Assuming everyone else wins, Stanford beating Oregon would further supplant Florida State as the No. 2 team and strengthen Ohio State even more as one of the few undefeated teams. Perhaps Stanford gets a couple of No. 2 or No. 3 votes in either of the human polls, but I’m not sure voters would spring them over an Ohio State team that hasn’t lost in almost two seasons.

As for Baylor, I think it would enjoy a nice bump if it beat No. 10 Oklahoma. But I don’t think it would be enough to vault the Bears over Stanford if the Cardinal beat Oregon. If Stanford loses, it’s moot, because it will drop. If Baylor loses, it’s moot, because the Bears will drop. Both teams need to win to keep pace, and I think Stanford’s win would be viewed as more significant, so I don’t see Baylor jumping the Cardinal.


Joe Bruin in Westwood writes: Hey Kev ... Joe Bruin here.

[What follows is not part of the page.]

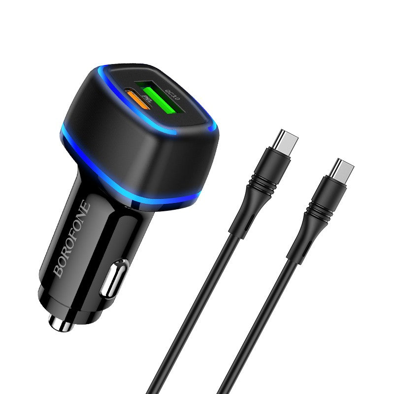 Automobilinis įkroviklis Borofone BZ14A PD20W+QC3.0 su 2 USB jungtimis (Type-C to Type-C) juodas

As a fan (and a mascot), I seem to be a little too worried about my team, especially after the games against Stanford and Oregon. I concur with Coach Mora when he said the team seemed to have a "hangover" from those games. Is it just me, or did the win against Colorado not look too impressive? Should I be worried about this team? Or will the Bruins get back in the swing of things?

Kevin Gemmell: I’d be concerned about this game coming up. The Bruins haven’t won in Tucson since 2003, Karl Dorrell’s first season, and Ka’Deem Carey is obviously one of the nation’s most elite playmakers. I know a lot of focus is on the Nov. 23 date with Arizona State -- and rightfully so -- but the Bruins still have a couple of tough tests in Arizona and Washington before that showdown.

However, Brett Hundley actually turned in the best quarterback performance of the week, per ESPN’s Adjusted QBR rating (note, adjusted reflects opponent’s strength).

Here’s the other side of it. As I said earlier, Colorado is a better team than it was last fall so give those guys a little credit for coming in and not being intimidated.

I think Colorado provided a nice little test (when was the last time we typed that?) for UCLA to knock off some of the rust from the back-to-back losses. The Bruins figured a few things out, and the offensive line got some more experience.

And Mora has shown that he can rally the troops when they are down. And I wouldn’t call the Bruins down right now. I’d just say they have a tough November ahead of them.